Records to use |

==========

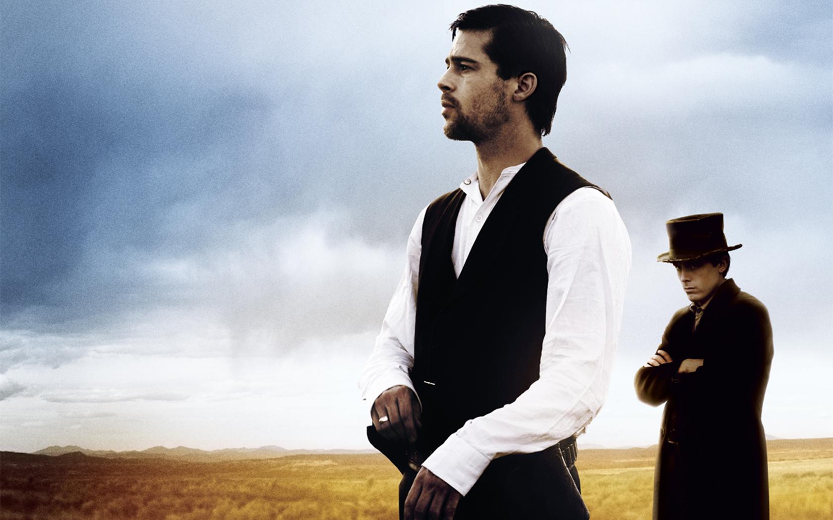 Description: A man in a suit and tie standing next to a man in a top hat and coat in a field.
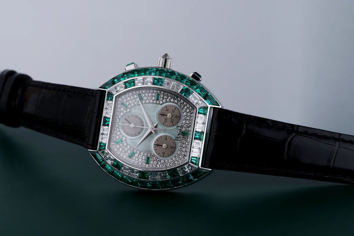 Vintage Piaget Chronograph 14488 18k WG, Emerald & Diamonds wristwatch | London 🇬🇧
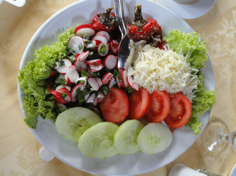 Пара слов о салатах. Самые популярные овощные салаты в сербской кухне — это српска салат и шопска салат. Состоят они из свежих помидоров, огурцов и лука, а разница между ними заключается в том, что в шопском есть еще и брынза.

==========

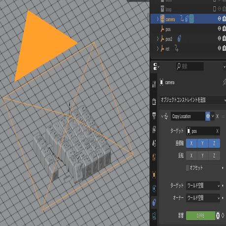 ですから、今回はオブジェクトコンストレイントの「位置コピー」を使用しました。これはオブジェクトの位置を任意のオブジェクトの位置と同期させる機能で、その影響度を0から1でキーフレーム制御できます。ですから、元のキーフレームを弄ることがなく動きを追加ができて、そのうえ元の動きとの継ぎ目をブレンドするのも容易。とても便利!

==========

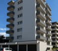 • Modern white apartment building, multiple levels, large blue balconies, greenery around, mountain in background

==========

Activity |
In the listing above, find the line containing "Description: A man" and the line containing "Пара слов о", then print exactly those two lines and every line between them, minus the pictures.

Exercise solution |
 Description: A man in a suit and tie standing next to a man in a top hat and coat in a field.
 Vintage Piaget Chronograph 14488 18k WG, Emerald & Diamonds wristwatch | London 🇬🇧
 Пара слов о салатах. Самые популярные овощные салаты в сербской кухне — это српска салат и шопска салат. Состоят они из свежих помидоров, огурцов и лука, а разница между ними заключается в том, что в шопском есть еще и брынза.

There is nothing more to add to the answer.